The method of claim 4,
The polymer includes at least two main chains composed of units derived from conjugated diene-based monomers,
The two main chains are modified conjugated diene-based polymers that are crosslinked by a functional group derived from a denaturant represented by Formula 1.
The method of claim 4,
The polymer is a modified conjugated diene-based polymer containing a functional group derived from a modifier represented by Formula 1 in the side chain.
The method of claim 4,
The polymer has a weight average molecular weight of 200,000 g/mol to 1,500,000 g/mol,
A modified conjugated diene-based polymer having a number average molecular weight of 50,000 g/mol to 1,000,000 g/mol.
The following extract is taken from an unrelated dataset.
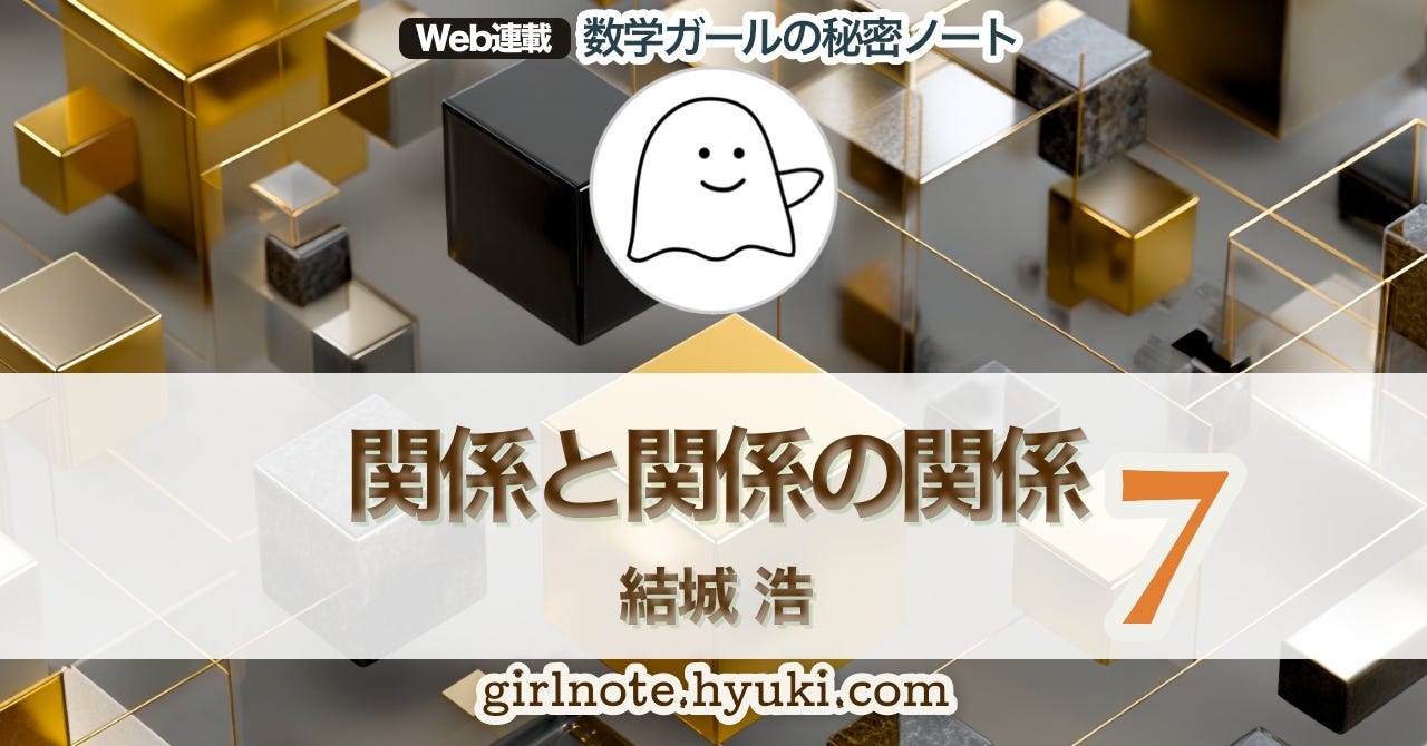 《関係》を《集合》で表すところから、《集合》の《関係》に進む「僕」とテトラちゃん。抽象的な思考にめげることなく、テトラちゃんは《例示は理解の試金石》でチャレンジします。

1) preparing an active polymer by polymerizing a conjugated diene-based monomer in the presence of a catalyst composition containing a neodymium compound in a hydrocarbon solvent; And
2) A method of preparing a modified conjugated diene-based polymer comprising reacting the active polymer with a denaturant represented by Formula 1:
[Formula 1]

In Formula 1,
R ₁ and R ₃ are each independently an alkyl group having 1 to 20 carbon atoms, a cycloalkyl group having 3 to 20 carbon atoms, an aryl group having 6 to 20 carbon atoms, an alkylaryl group having 7 to 20 carbon atoms, an arylalkyl group having 7 to 20 carbon atoms, and 1 to 20 carboxyl group or -COOR ₄ , wherein R ₄ is a C 1 to C 20 alkyl group, or a C 3 to C 20 cycloalkyl group,
R ₂ is a C 3 to C 30 divalent hydrocarbon group containing at least one C 3 to C 20 cyclic saturated hydrocarbon substituted or unsubstituted with a substituent, wherein the substituent is a C 1 to C 20 alkyl group, C 3 It is one or more selected from the group consisting of a cycloalkyl group of to 20 and an aryl group having 6 to 20 carbon atoms.
The method of claim 8,
The catalyst composition is a method for producing a modified conjugated diene-based polymer that is used in an amount such that the neodymium compound is 0.02 mmol to 0.1 mmol based on 100 g of a conjugated diene-based monomer.
The method of claim 8,
The neodymium compound is a method for producing a modified conjugated diene-based polymer that is a compound represented by the following formula (3):
[Formula 3]

In Chemical Formula 3,
R _a to R _c are each independently hydrogen or an alkyl group having 1 to 12 carbon atoms,
However, _{not all of R a} to R _c are hydrogen at the same time.
The method of claim 8,
The method for producing a modified conjugated diene-based polymer is used in an amount of 0.1 parts by weight to 10.0 parts by weight based on 100 parts by weight of the conjugated diene-based monomer.
A rubber composition comprising the modified conjugated diene polymer according to any one of claims 4 to 7.